Form T is an electronic form that FINRA requires brokers to use for reporting equity trades executed outside of normal market hours. Form T trades occur during extended hours, before the market opens and after it closes. Form T must also be used to submit last sale reports of over-the-counter (OTC) transactions in equity securities, for which electronic submission is not possible. The objective of the Form T report is to maintain market transparency and integrity.

Who Can File Form T: Equity Trade Reporting Form?

Investors executing trades in extended hours, as well as those trading in over-the-counter securities that aren't electronically reportable, are required to file Form T. Trading during extended hours allows investors to react quickly to events that typically occur outside regular market hours, such as earnings reports. However, liquidity may be constrained during such Form T trading, resulting in wide bid-ask spreads. The growing popularity of electronic communication networks means that Form T trading and filings are bound to continue increasing.

Form T trading is especially suited for overseas investors since they may conduct the bulk of their U.S. trading when their markets are open but U.S. markets are closed.

Form T Guidelines

In July 2011, FINRA announced a new Form T submission process, which is still in effect:

"FINRA reminds firms of their obligation to submit to FINRA on the Form T Equity Trade Reporting Form, as soon as practicable, last sale reports of over-the-counter (OTC) transactions in equity securities for which electronic submission is not possible. In addition, FINRA is announcing a new process for the electronic submission of the Form T."

Form T Filings: Some Lessons

In the OTC market, Form T trades are mostly the result of accumulated buys or sells handled on a not held basis by block desks, otherwise known as 'late prints.' They have nothing to do with short-selling. Large blocks of shares may not all be sold in a single day, so a broker or market maker would file a Form T for the remainder of shares listed at the average price that day's shares sold for as if they all had sold. If all the shares had sold in that one session, the transaction would have been recorded normally.

And investor sometimes can tell if a Form T transaction is by a buyer or seller by looking at the price the trades were entered at. If entered at the lower end of the day's range and the shares were under pressure, it's likely a seller. If entered at the high end of the range, and shares were surging, it's likely from a buyer.

How to File Form T: Equity Trade Reporting Form

Form T is filed using a filing portal, FINRA's Firm Gateway. FINRA explains: "Through the Firm Gateway, in addition to creating and submitting Form T filings electronically, firms will be able to view, edit, and delete draft filings, as well as view previously submitted filings. Firms will be required to continue providing trade details on an Excel spreadsheet as part of the Form T submission.
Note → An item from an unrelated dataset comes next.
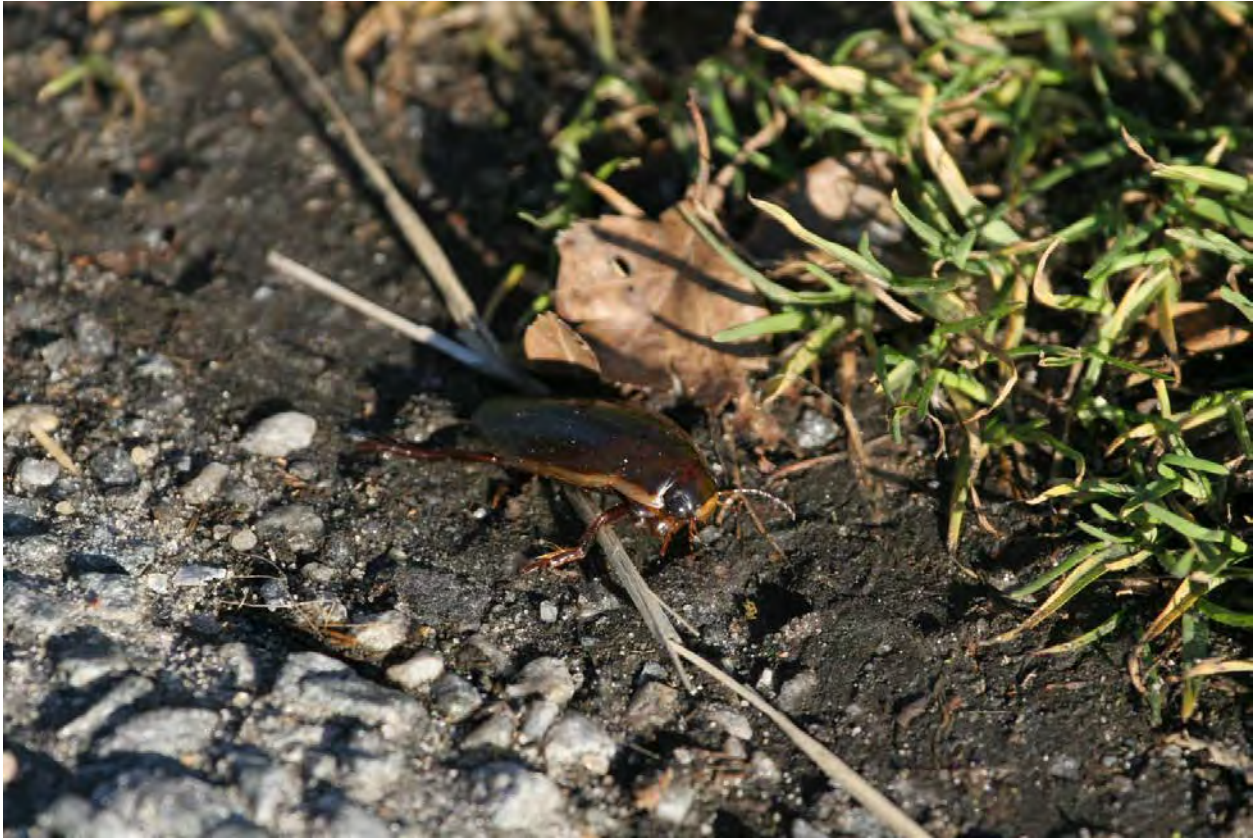
Ein Gelbrandkäfer-Männchen krabbelt auf dem Schotterweg in Klappholttal 14.10.2009

Previously, Form T submissions were done by email, and before email, via paper (email submissions were still called 'Paper Form T')."

Download Form T: Equity Trade Reporting Form

Here is a link to access Form T: Equity Trade Reporting Form.

Key Takeaways

  • Form T is used for reporting equity trades executed outside of normal market hours.
  • Form T is also used to submit last sale reports of OTC transactions in equity securities, for which electronic submission is not possible.
  • The objective of the Form T report is to maintain market transparency and integrity.